DATA PROVIDED below:

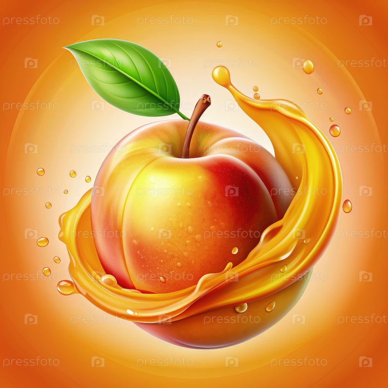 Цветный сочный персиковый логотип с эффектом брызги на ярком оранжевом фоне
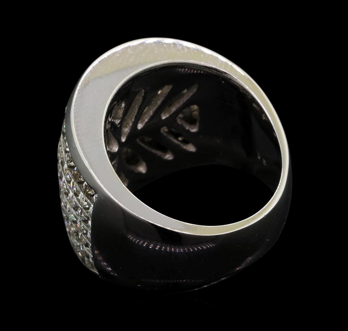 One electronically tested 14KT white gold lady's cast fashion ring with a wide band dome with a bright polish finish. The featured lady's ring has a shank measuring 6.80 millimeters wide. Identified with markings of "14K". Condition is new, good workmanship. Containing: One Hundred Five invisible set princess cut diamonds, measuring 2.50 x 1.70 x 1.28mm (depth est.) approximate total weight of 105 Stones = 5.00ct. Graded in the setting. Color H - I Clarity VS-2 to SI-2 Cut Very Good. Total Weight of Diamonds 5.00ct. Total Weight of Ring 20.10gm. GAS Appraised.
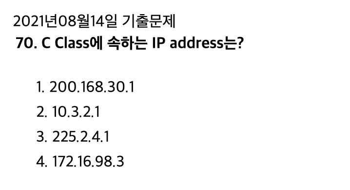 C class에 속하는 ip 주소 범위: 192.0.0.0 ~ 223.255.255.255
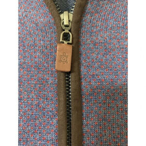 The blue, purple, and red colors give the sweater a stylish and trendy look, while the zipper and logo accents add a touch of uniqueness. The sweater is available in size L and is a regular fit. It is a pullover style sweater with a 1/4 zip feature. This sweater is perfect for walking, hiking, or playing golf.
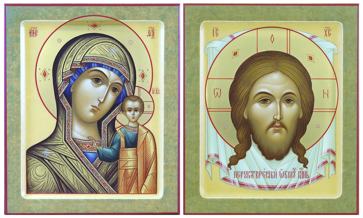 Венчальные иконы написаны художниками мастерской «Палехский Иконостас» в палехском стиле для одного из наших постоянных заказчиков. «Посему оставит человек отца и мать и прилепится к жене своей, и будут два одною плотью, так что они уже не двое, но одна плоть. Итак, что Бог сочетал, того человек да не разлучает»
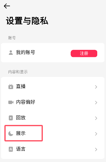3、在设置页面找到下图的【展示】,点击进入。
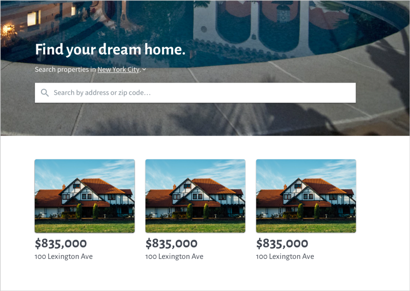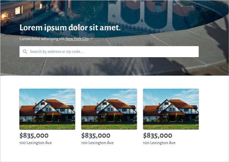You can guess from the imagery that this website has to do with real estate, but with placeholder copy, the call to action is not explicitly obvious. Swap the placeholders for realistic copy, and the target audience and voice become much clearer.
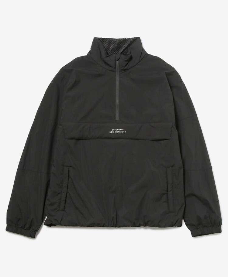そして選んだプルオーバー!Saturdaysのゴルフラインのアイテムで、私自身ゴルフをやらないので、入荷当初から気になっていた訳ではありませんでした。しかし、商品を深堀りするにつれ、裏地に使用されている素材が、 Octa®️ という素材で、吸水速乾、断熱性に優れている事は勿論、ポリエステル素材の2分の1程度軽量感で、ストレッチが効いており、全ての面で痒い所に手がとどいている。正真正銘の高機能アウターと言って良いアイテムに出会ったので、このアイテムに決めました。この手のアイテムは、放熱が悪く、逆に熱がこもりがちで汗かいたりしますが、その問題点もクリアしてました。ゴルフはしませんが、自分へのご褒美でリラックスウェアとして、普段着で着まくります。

End of DATA PROVIDED.

_TASK INSTRUCTIONS_
The lines from the top of the data above through the one holding "3、在设置页面找到下图的【展示】,点击进入。" are to be repeated exactly, and only those, with no pictures.

_WRITTEN REPLY_
 Цветный сочный персиковый логотип с эффектом брызги на ярком оранжевом фоне
 One electronically tested 14KT white gold lady's cast fashion ring with a wide band dome with a bright polish finish. The featured lady's ring has a shank measuring 6.80 millimeters wide. Identified with markings of "14K". Condition is new, good workmanship. Containing: One Hundred Five invisible set princess cut diamonds, measuring 2.50 x 1.70 x 1.28mm (depth est.) approximate total weight of 105 Stones = 5.00ct. Graded in the setting. Color H - I Clarity VS-2 to SI-2 Cut Very Good. Total Weight of Diamonds 5.00ct. Total Weight of Ring 20.10gm. GAS Appraised.
 C class에 속하는 ip 주소 범위: 192.0.0.0 ~ 223.255.255.255
 The blue, purple, and red colors give the sweater a stylish and trendy look, while the zipper and logo accents add a touch of uniqueness. The sweater is available in size L and is a regular fit. It is a pullover style sweater with a 1/4 zip feature. This sweater is perfect for walking, hiking, or playing golf.
 Венчальные иконы написаны художниками мастерской «Палехский Иконостас» в палехском стиле для одного из наших постоянных заказчиков. «Посему оставит человек отца и мать и прилепится к жене своей, и будут два одною плотью, так что они уже не двое, но одна плоть. Итак, что Бог сочетал, того человек да не разлучает»
3、在设置页面找到下图的【展示】,点击进入。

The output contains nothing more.